Dicho así, suena raro, como un relato de Almodóvar después de fumarse la hierba que cabe en un campo de fútbol. Pero visto, es aún más extraño: imágenes que cabalgan continuamente entre la chapuza y el preciosismo visual, cursilería mezclada con un humor sutil y socarrón, actores lamentables que pronuncian unos diálogos risibles entre lo ñoño y lo directamente estúpido, pero también una continua creación de atmósferas sugerentes de carácter erótico, terrorífico, misterioso o poético, y, como resultado indirecto, la elaboración de un relato que no hace sino hablar de la evolución de  oruga a crisálida, de la construcción de una identidad en medio de un mar de confusión y de estímulos contradictorios, de la búsqueda del amor romántico y verdadero, con una conclusión, eso sí, que es toda una concesión a la brutalidad gratuita, el triunfo de la demencia sobre el sueño.
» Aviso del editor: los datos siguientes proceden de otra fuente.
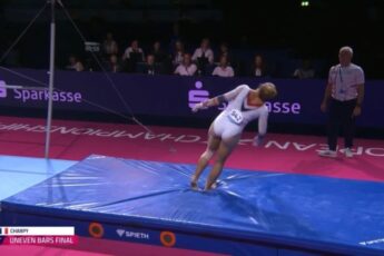 During the uneven bars final at the 2022 European Gymnastics Championships in Munich, French gymnast

Entre sus notas positivas, cabe destacar el ambicioso y valiente guión, que asume todo tipo de riesgos y que lo hacen distinto de cualquier otra propuesta del cine español contemporáneo, un detalle a valorar positivamente, y también las interpretaciones de los más veteranos, en especial de una María Asquerino que apenas habla en todo el film, y de la pareja Muñoz-Andreu, en una caracterización a la vez repulsiva y divertida. Igualmente, la puesta en escena y la fotografía, que hacen del paraíso canario un lugar sombrío, donde la noche, la lluvia y el desasosiego son constantes. En lo negativo, como se ha dicho, las situaciones del guión no vienen acompañadas de unos diálogos a la misma altura, que en muchos momentos, remiten al infantilismo más puro, las bochornosas interpretaciones, empeoradas (si es que esto es posible) con el redoblaje al castellano que se hace en la banda sonora para uniformizar los diversos acentos presentes, la escatología o las tentaciones de lo gore que presiden determinados momentos, el difícil, aunque resultón, engranaje de las apariciones marianas (una de ellas de lo más descacharrante) en el conjunto de la trama, la extrema irregularidad en tonos y formas, los altibajos narrativos y la radical heterogeneidad de elementos a conjugar, y la huida de toda lógica argumental mínima, una nota a un tiempo estimable y chocante.

Premiada al mejor guión en Sitges en su momento, aplaudida por el chico malo oficial, Quentin Tarantino (lo cual, según días, puede ser un buen aval o el remate al completo descrédito), lo mejor de Fotos es su rareza, que puede definirse como originalidad a pesar de construirse sobre materias primas ajenas, y su derivado carácter transgresor, fruto de un prisma muy concreto, de la determinada unión de intereses particulares de su director, Elio Quiroga, cuya trayectoria ha continuado por los mismos derroteros, con habituales saltos al género de animación, pero que ha contado con menor repercusión crítica y prácticamente nula aceptación por el público.